Une mobilisation significative de la société civile et de figures politiques s’est tenue samedi à Dakar, marquant une nouvelle étape dans la quête de vérité autour des violences politiques survenues entre 2021 et 2024. Selon les organisateurs, ces événements ont causé la mort de 68 personnes, sans compter plus de 1 000 détenus liés à ces troubles. La marche, qui s’est déroulée dans le calme sur l’avenue Bourguiba sous la supervision des forces de l’ordre, a été l’occasion pour les manifestants de réaffirmer leur exigence d’enquêtes judiciaires indépendantes, transparentes et crédibles.
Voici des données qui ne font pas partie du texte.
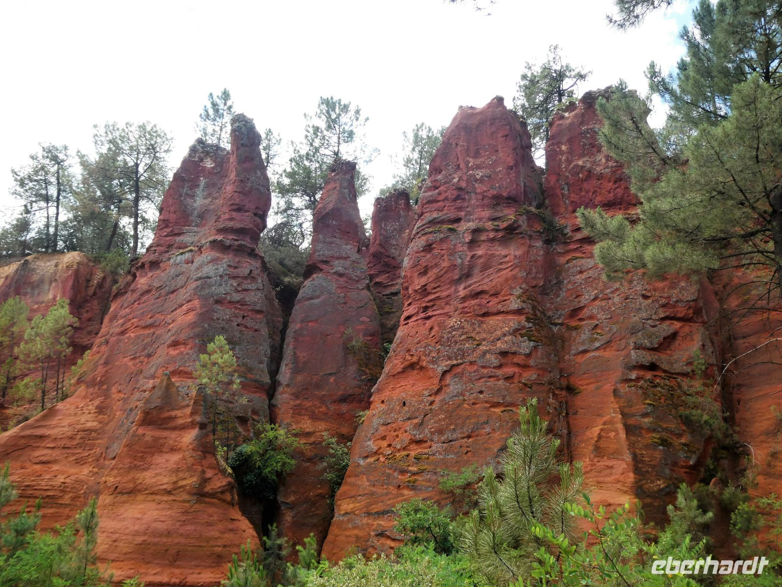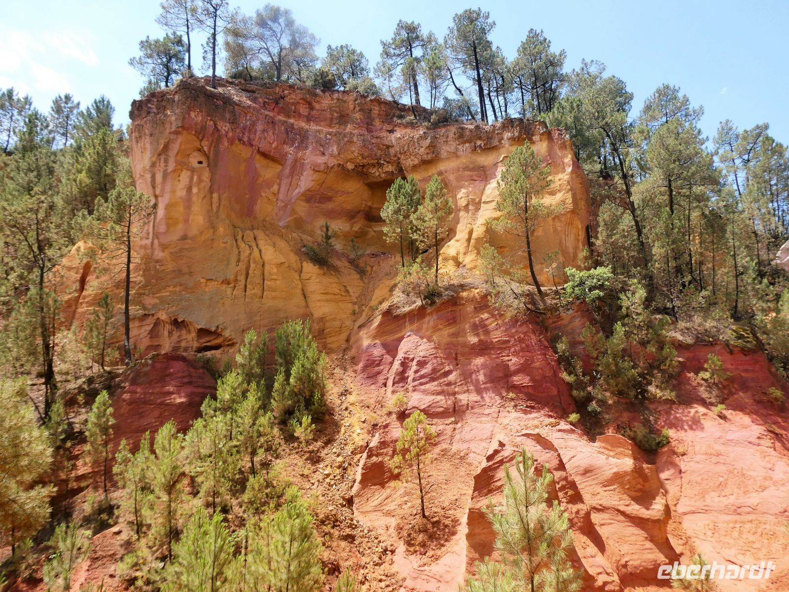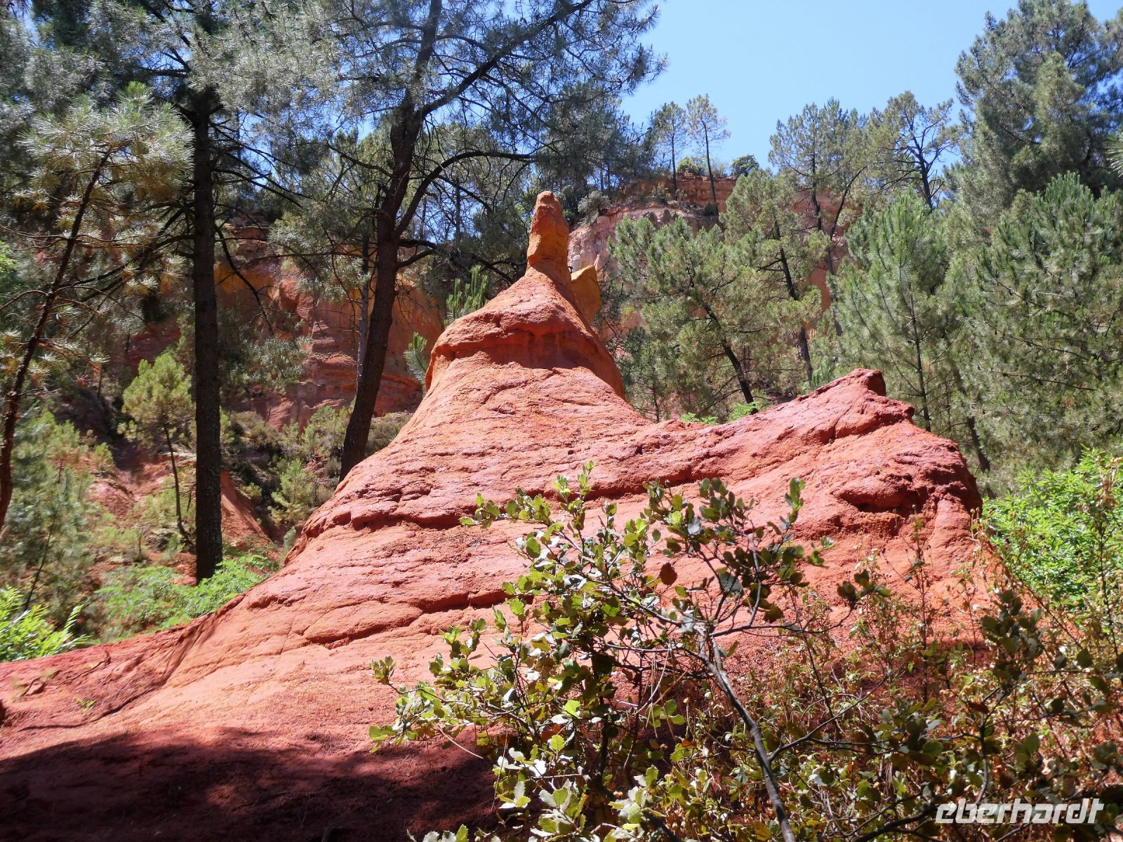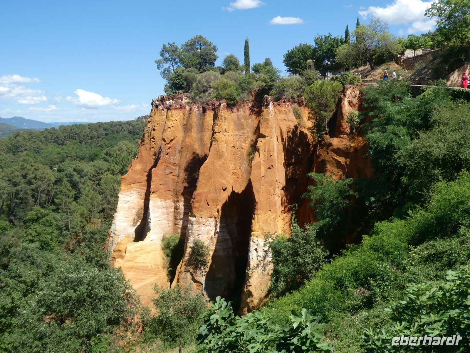 Danach aber geschieht ein Wunder. Waren wir doch ziemlich unsicher bezüglich des "Ockerwanderweges" in Roussillon, der bei Starkregen nicht zu begehen ist. Der Himmel verändert seine Farbe in Richtung Blau und als wir in Roussillon ankommen könnte er blauer nicht sein. Die Bedingungen zum Spazieren gehen sind sogar besser als sonst, bleibt einem doch der rote Feinstaub erspart, der sonst die Kleider bepudert und in alle Ritzen dringt.

Tous ont insisté sur un impératif : faire toute la lumière sur ces violences et établir clairement les responsabilités.
Prenant la parole, la députée Maïmouna Bousso a dénoncé toute tentative de blocage judiciaire, affirmant que la loi d’amnistie ne saurait faire obstacle à la justice. Elle a rappelé que les crimes de sang et les actes de torture ne peuvent être couverts par une telle disposition, réaffirmant ainsi le principe d’imprescriptibilité de certaines violations graves des droits humains.
Au nom du collectif des familles des victimes, Djibril Diaw a livré un témoignage poignant, soulignant que derrière les chiffres se trouvent des vies brisées et des familles durablement affectées. Il a fermement rejeté toute tentative d’oubli ou de récupération politique, appelant à une reconnaissance pleine et entière des faits.
Le collectif a également lancé un avertissement à la communauté internationale, estimant qu’aucune personnalité soupçonnée d’implication dans ces événements ne devrait accéder à de hautes fonctions sans que la vérité ne soit établie.
De son côté, Amnesty International Sénégal, par la voix de son directeur exécutif Seydi Gassama, a dénoncé un blocage prolongé du système judiciaire. Il a souligné qu’aucun obstacle juridique ne s’oppose désormais à l’ouverture de procédures, tout en regrettant l’absence d’avancées concrètes malgré l’existence de nombreux cas documentés. « Il est inacceptable que des violations aussi graves restent impunies », a-t-il déclaré, appelant les autorités à poser des actes forts pour rendre justice aux victimes.
Pape Abdoulaye Touré, membre de l’initiative Zéro Impunité (IZI), a pour sa part rappelé que les crimes de torture, les traitements inhumains et les crimes de sang échappent au champ d’application de toute amnistie, en vertu des engagements internationaux du Sénégal.
Face à ce qu’ils considèrent comme une inertie judiciaire préoccupante, les manifestants ont réaffirmé leur détermination à poursuivre la mobilisation. Pour eux, seule une justice effective permettra d’éviter la répétition de telles violences et de restaurer la confiance dans les institutions.
Cette marche, au-delà de son caractère symbolique, remet au cœur du débat national la question de l’impunité et interpelle directement les autorités sur leur responsabilité à garantir vérité, justice et réparation.